___ DATA SHOWN ___
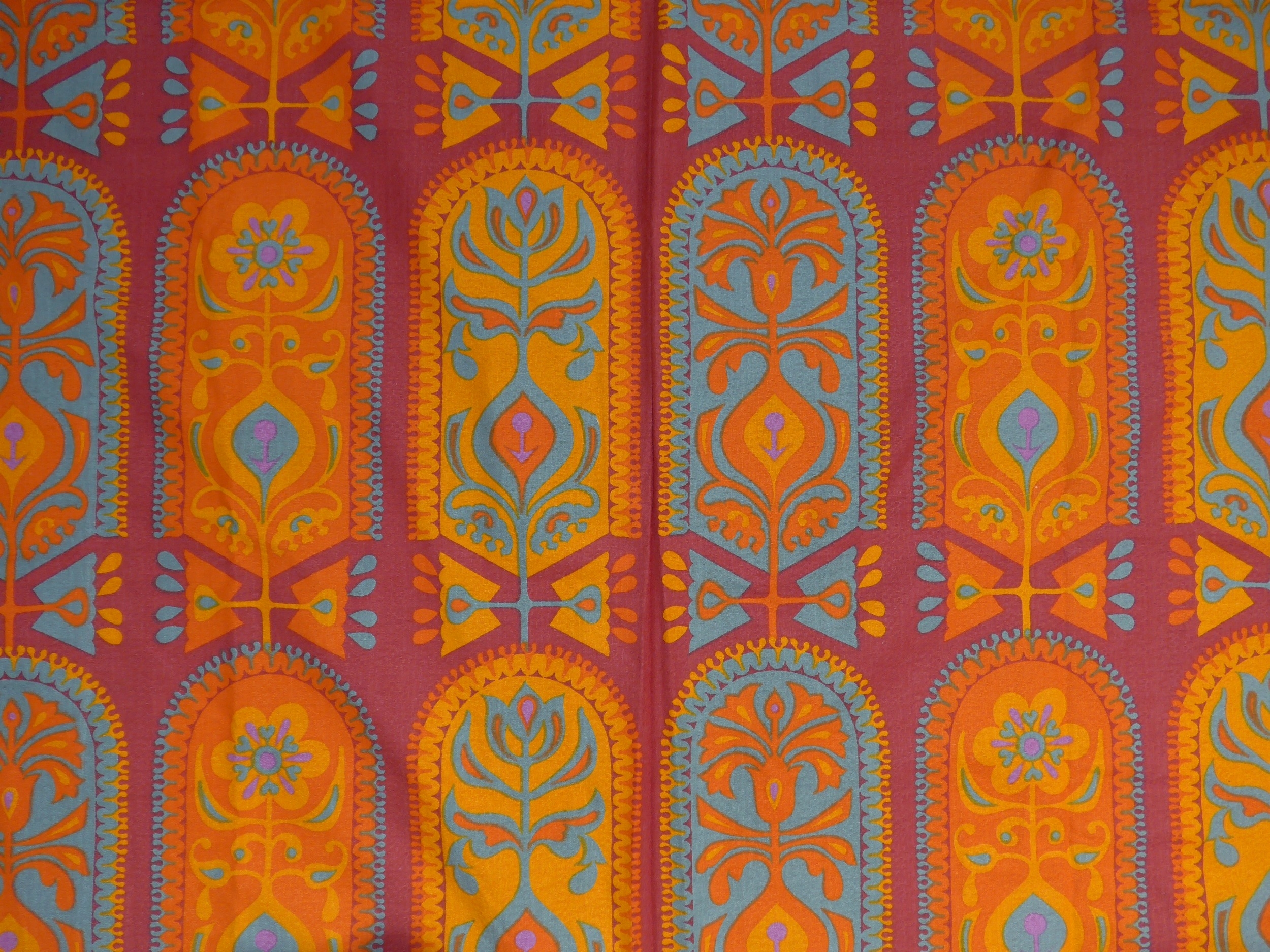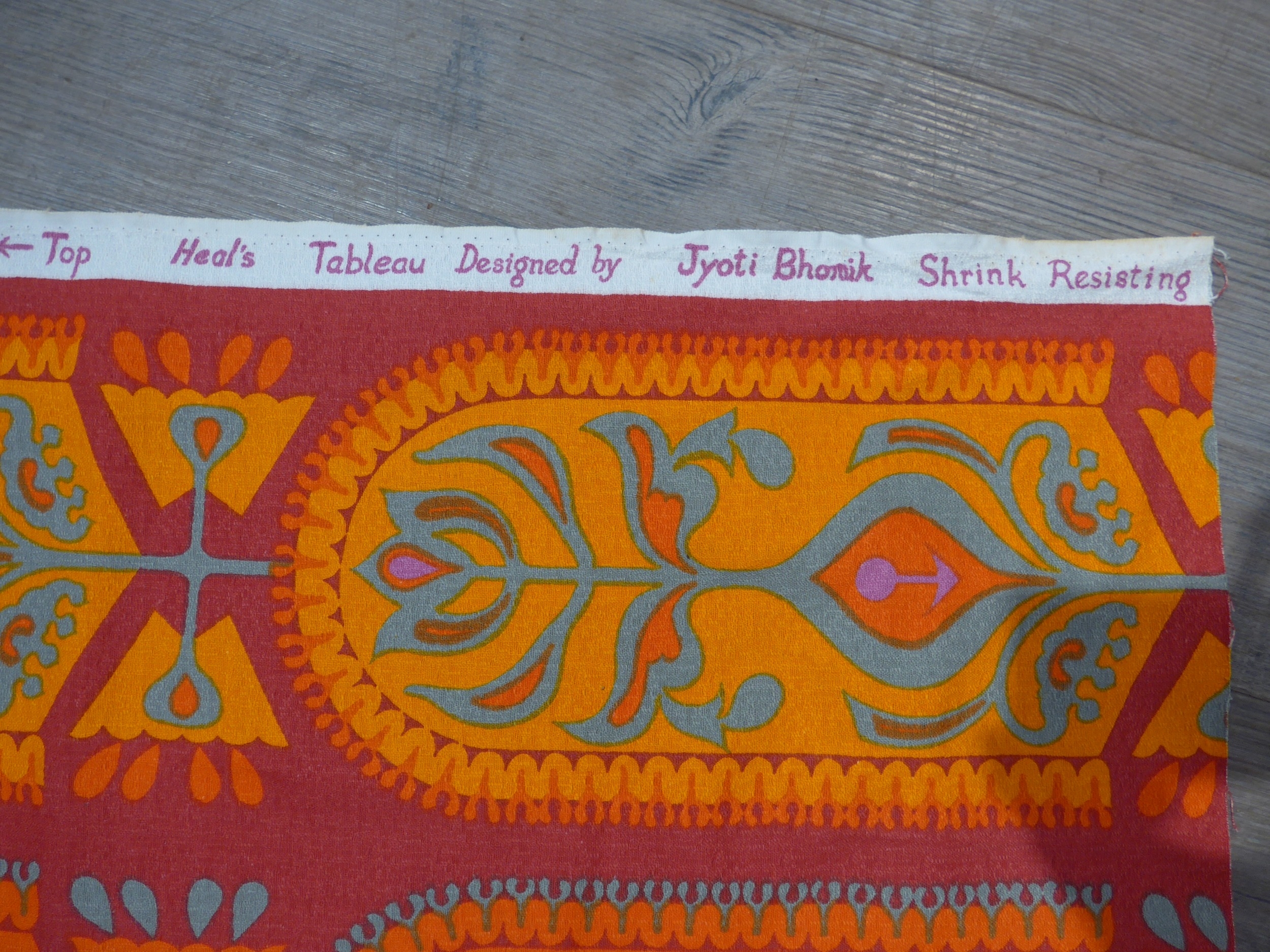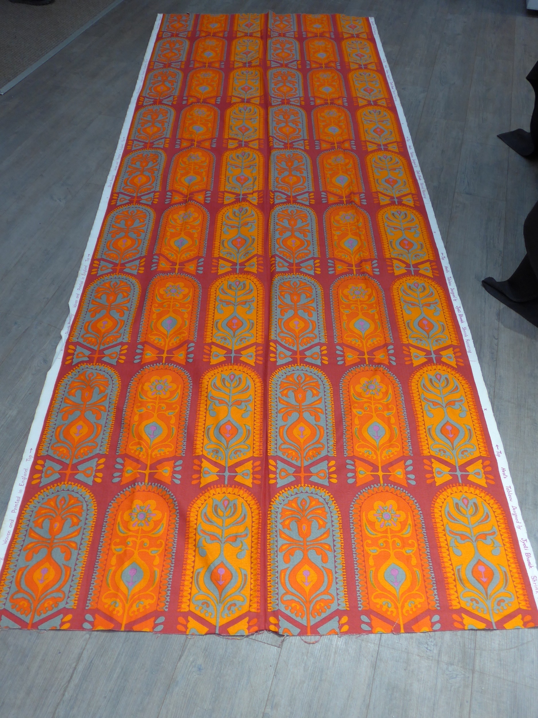 A length of Heals fabric, Tableau pattern by Jyoti Bhomik in ornage colourway. Approx 3 3/4 yards x 48" wide
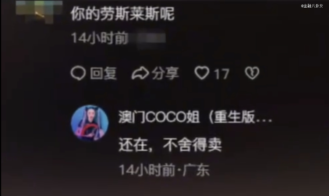 而在另一边,澳门Coco姐仍坚持拍视频,哭诉“身体出问题”“不能直播”。然而那辆粉色劳斯莱斯依旧稳稳停在镜头外的车库里,让人不禁怀疑这场“破产危机”是真是假。
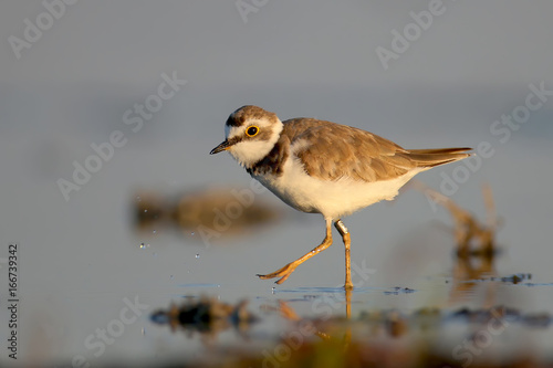 Ringed plover in soft sunrise morning light.
___
EXERCISE PROMPT
Take the data above and set it down exactly, images excluded.

RESPONSE AREA
 A length of Heals fabric, Tableau pattern by Jyoti Bhomik in ornage colourway. Approx 3 3/4 yards x 48" wide
 而在另一边,澳门Coco姐仍坚持拍视频,哭诉“身体出问题”“不能直播”。然而那辆粉色劳斯莱斯依旧稳稳停在镜头外的车库里,让人不禁怀疑这场“破产危机”是真是假。
 Ringed plover in soft sunrise morning light.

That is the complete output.